# Classifieds > Testimonials >  Adam T Chase

## froggermcm

- Name: Adam T Chase


- Location: Ithaca/Freeville, NY


- Username: coastal20


- Email: manalapan20@gmail.com






On 07/30/14, Adam T Chase posted an ad in the amphibian faunaclassifieds for his African bullfrog, "Sloppy Joe." I new this frog well, and had tried to buy him a few years ago. I contacted Adam, and we agreed on $400. Eventually we arrived at the upcoming Monday for shipping, with Tuesday morning arrival. 


Tuesday came and went with no frog. I emailed Adam a couple times over the ensuing days, and finally Adam got back to me with an excuse of a work emergency related to flooding. While flooding had occured around Ithaca at that time, it certainly wouldn't have prevented the sending of emails. Still, I received no explanation for several days. 
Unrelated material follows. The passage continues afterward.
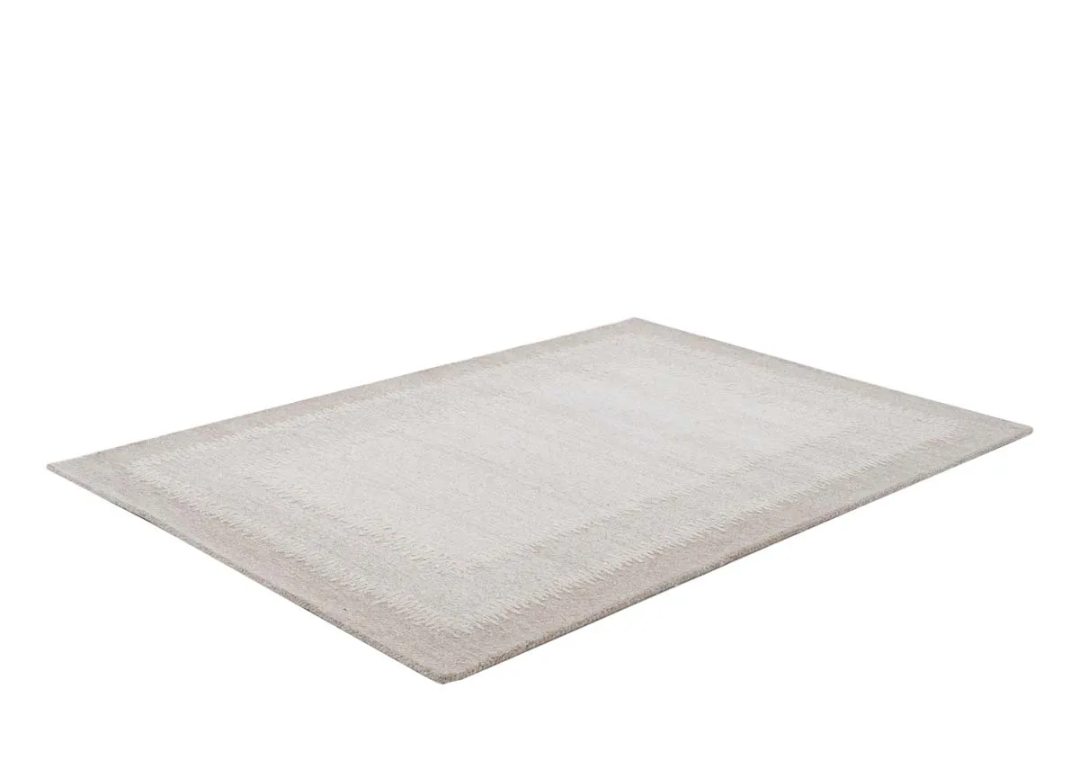 A neutral choice, the Sovata ivory sand rug boasts a simple textured pattern with an ivory border, adding depth to your space.

He offered to ship the following Monday, and I was obliged to agree- all dialogue had been, and would remain, civil. Heeding my growing skepticism, I asked for a picture, identifiable as recent, to "put my mind at ease" while I waited. He said he'd send it the next day. He did not. I reminded him, and he finally did send a picture on the morning he was supposed to ship. 
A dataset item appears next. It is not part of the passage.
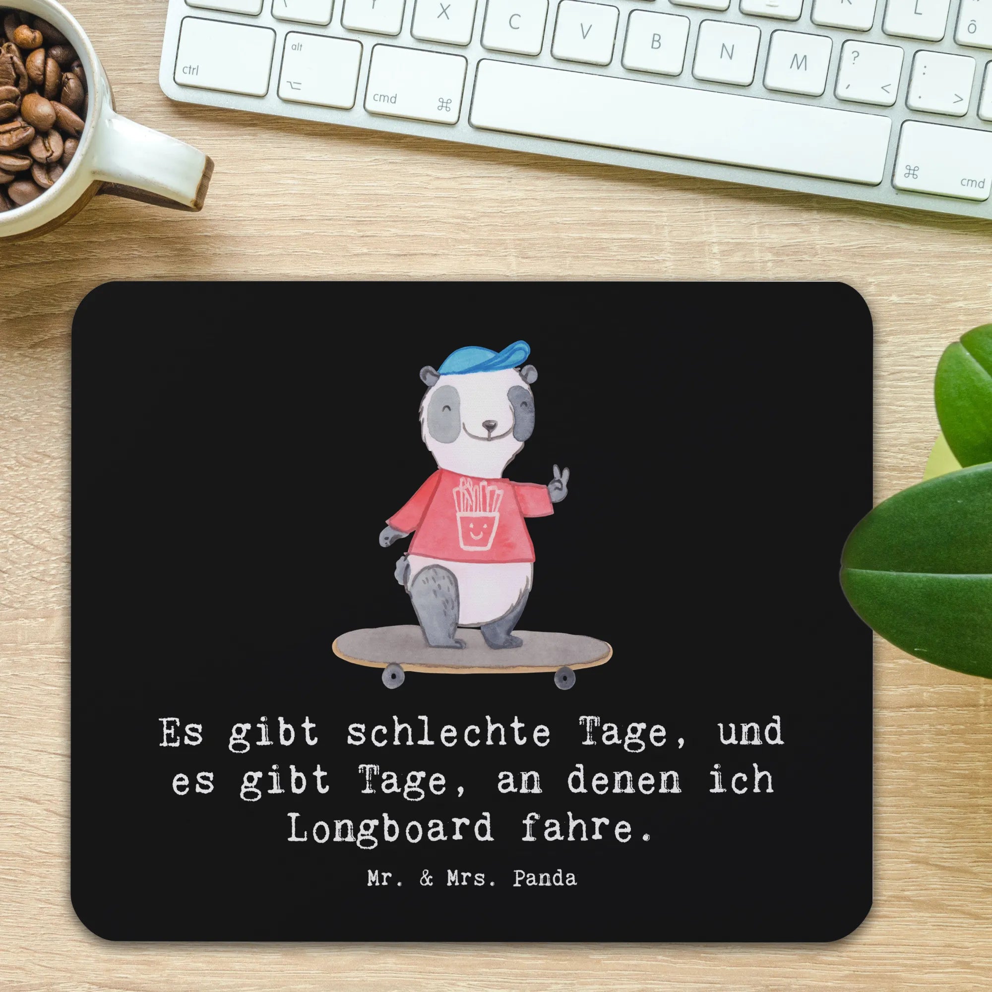 Podkładka pod mysz Panda Jazda na longboardzie - Pastelowy szary

I thanked him for the picture, and asked him to keep me informed with tracking number, etc. When I'd still received no shipping info by Monday evening, I sent Adam an email and got no response. 


By Tuesday afternoon the frog had still not arrived, so I inquired with Fedex and UPS. Neither had the package. I asked Adam what service he'd used, and again got no response. 


To my knowledge, as of the afternoon of Wednesday, 08/13/14, Adam Chase has the $400 I paid him and has yet to send the frog. I've informed him of the measures I'm taking to retreive what's rightfully mine- whatever legal means necessary.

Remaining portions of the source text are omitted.